[EXERCISE OBJECTIVE]
Give back the full listing verbatim, apart from its images.

[RAW DATA]
★ ★ ★ ★ ★ ★ ★
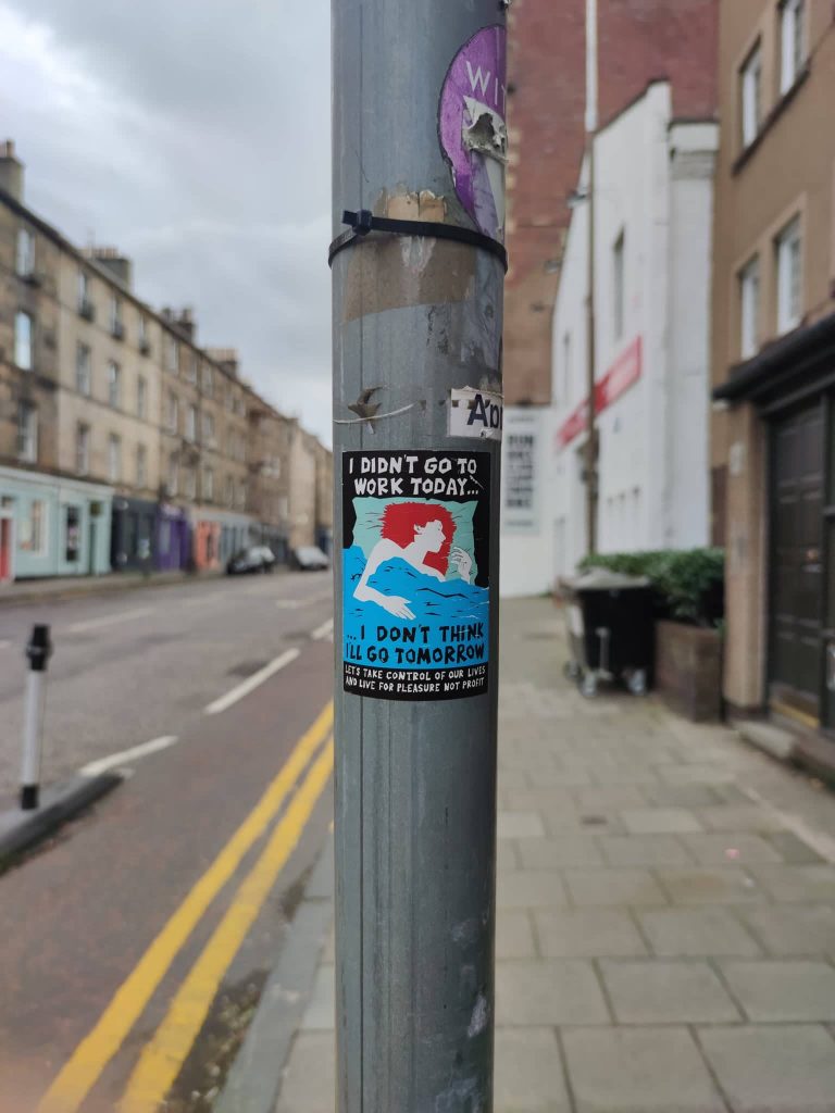 Copy of 1980s anti-capitalist poster “I didn’t Go To Work Today” as spotted on Edinburgh lamppost by the author. Reproduced with permission.
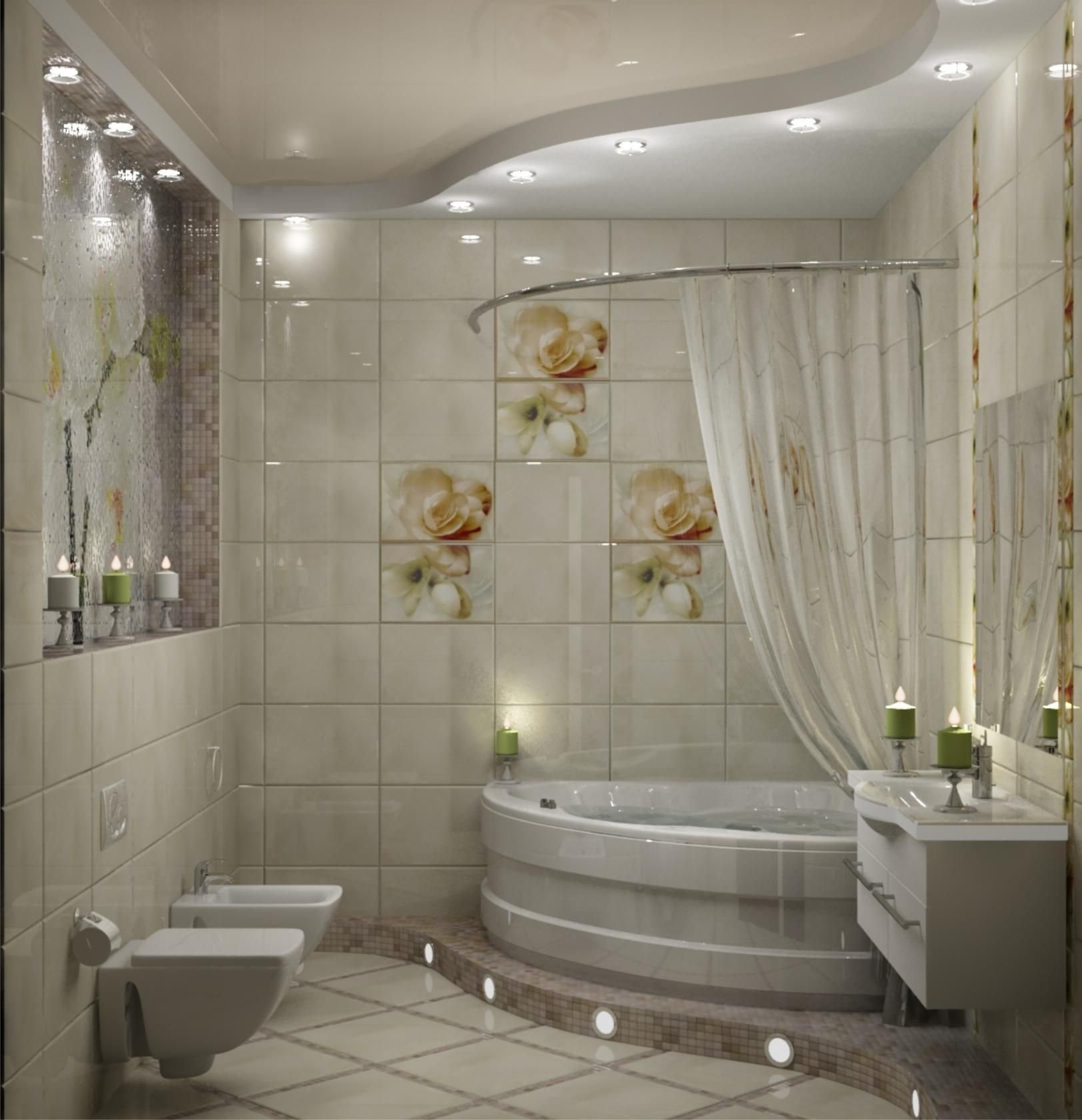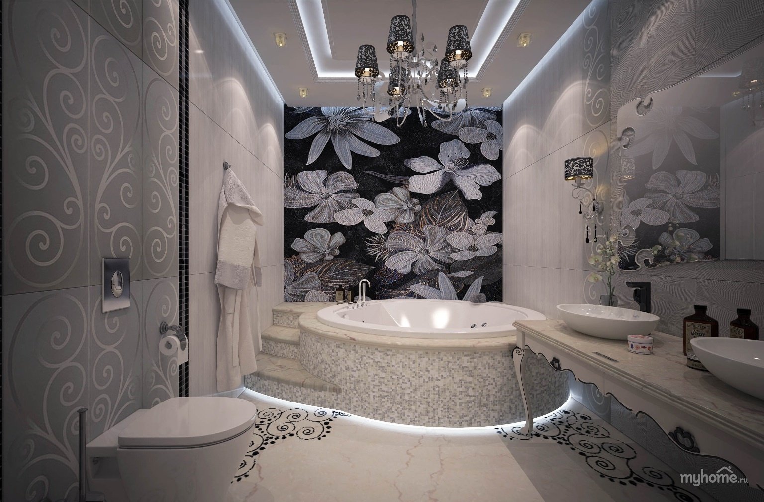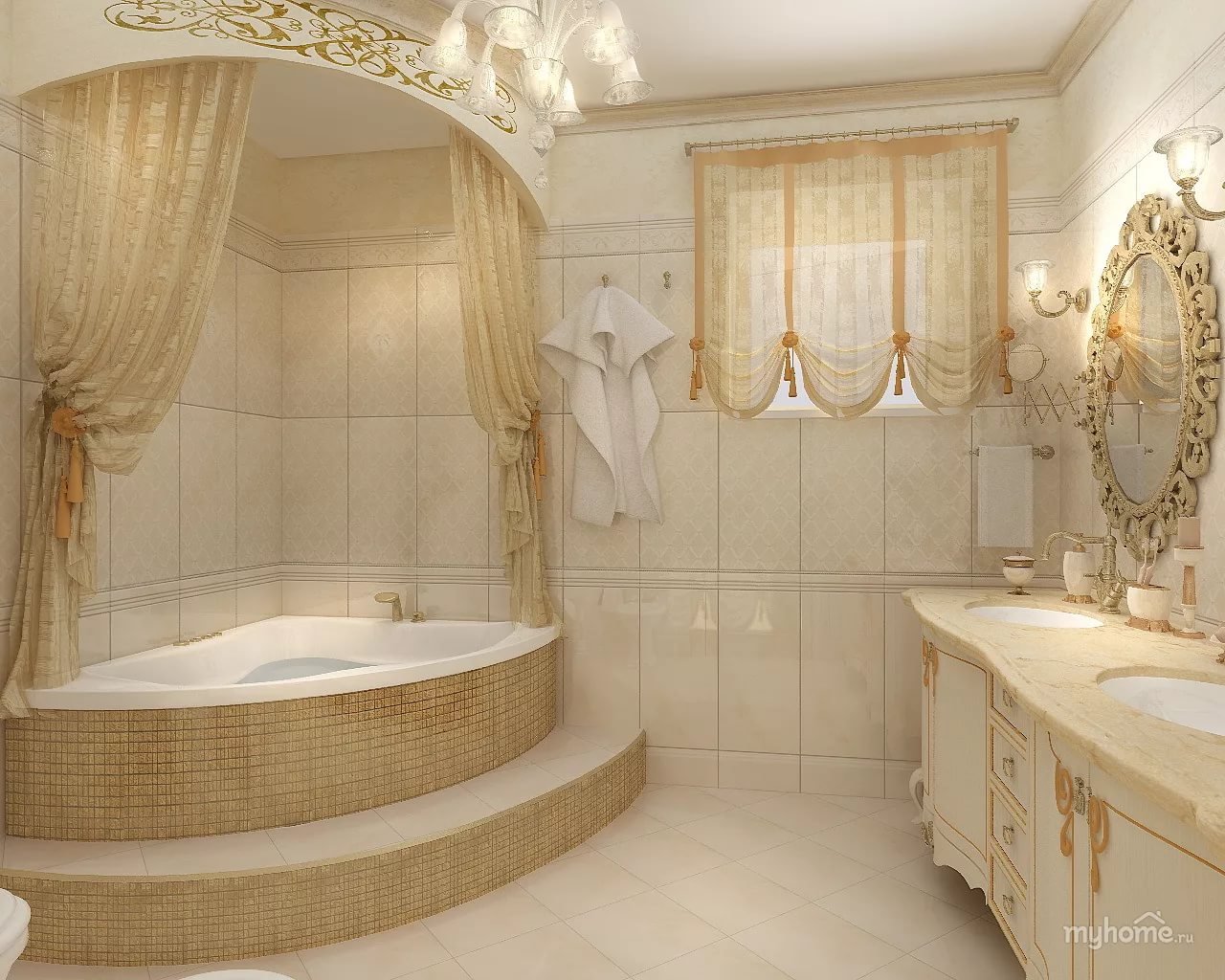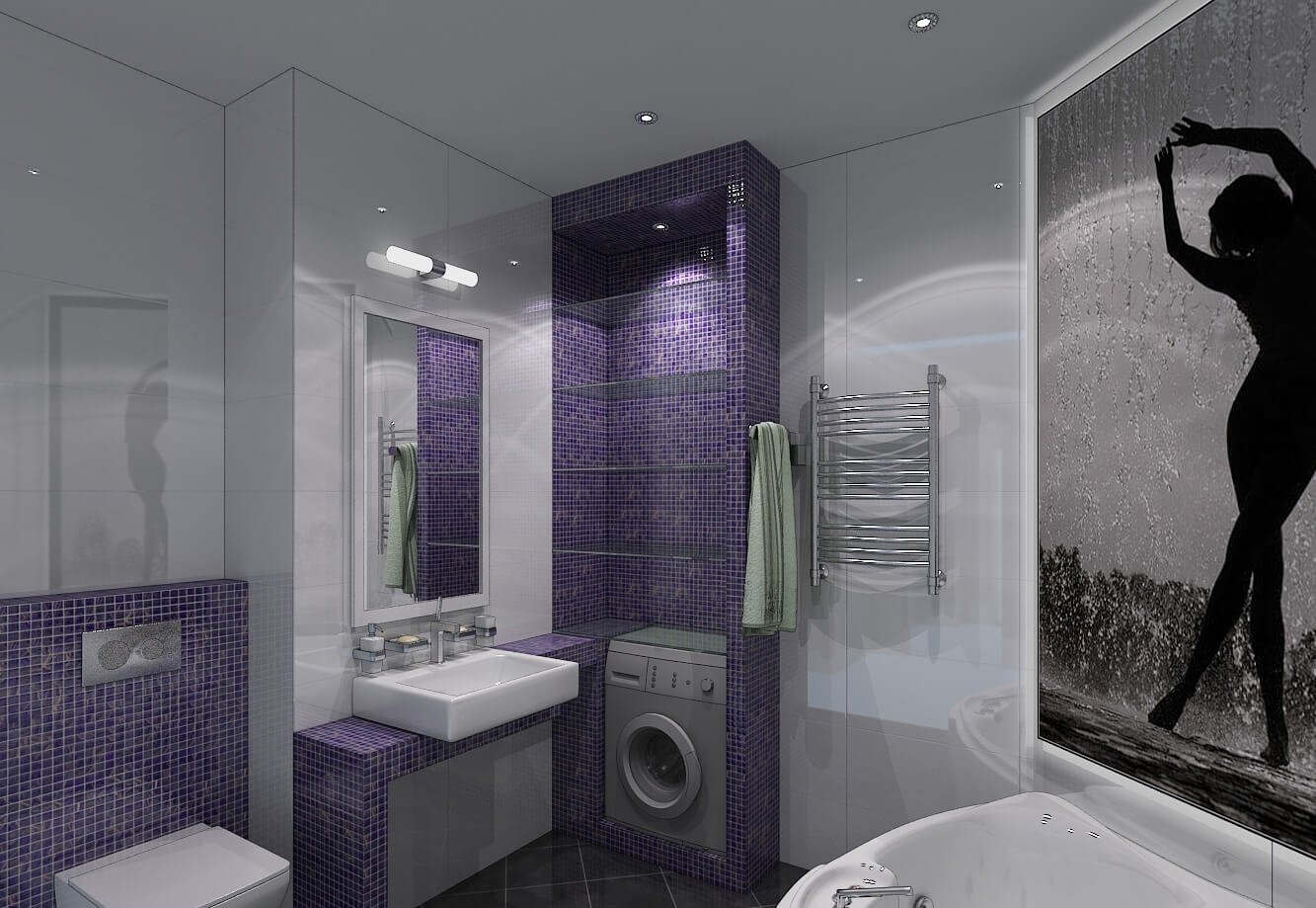 Ванная комната с угловой ванной и туалетом 4 кв.м под мрамор
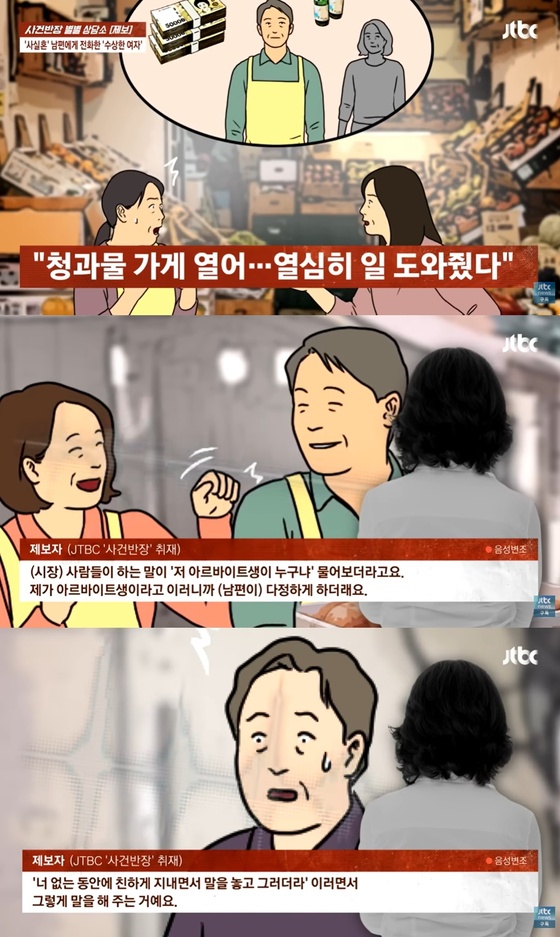 알고 보니 남편은 알바생에게 미혼이라고 말해왔던 것. 이후에도 밤늦게 아르바이트생의 전화를 받기 위해 자리를 피하는 일이 잦아졌다.
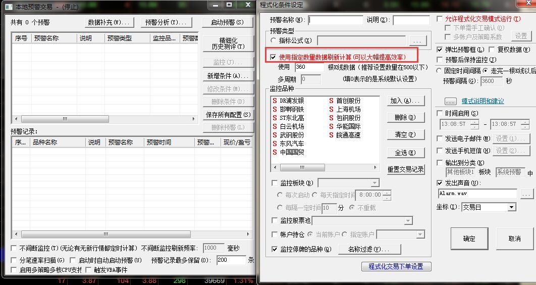本地预警里,哪里决定参与运算的K线个数?
★ ★ ★ ★ ★ ★ ★
[EXPECTED OUTPUT]
 Copy of 1980s anti-capitalist poster “I didn’t Go To Work Today” as spotted on Edinburgh lamppost by the author. Reproduced with permission.
 Ванная комната с угловой ванной и туалетом 4 кв.м под мрамор
 알고 보니 남편은 알바생에게 미혼이라고 말해왔던 것. 이후에도 밤늦게 아르바이트생의 전화를 받기 위해 자리를 피하는 일이 잦아졌다.
本地预警里,哪里决定参与运算的K线个数?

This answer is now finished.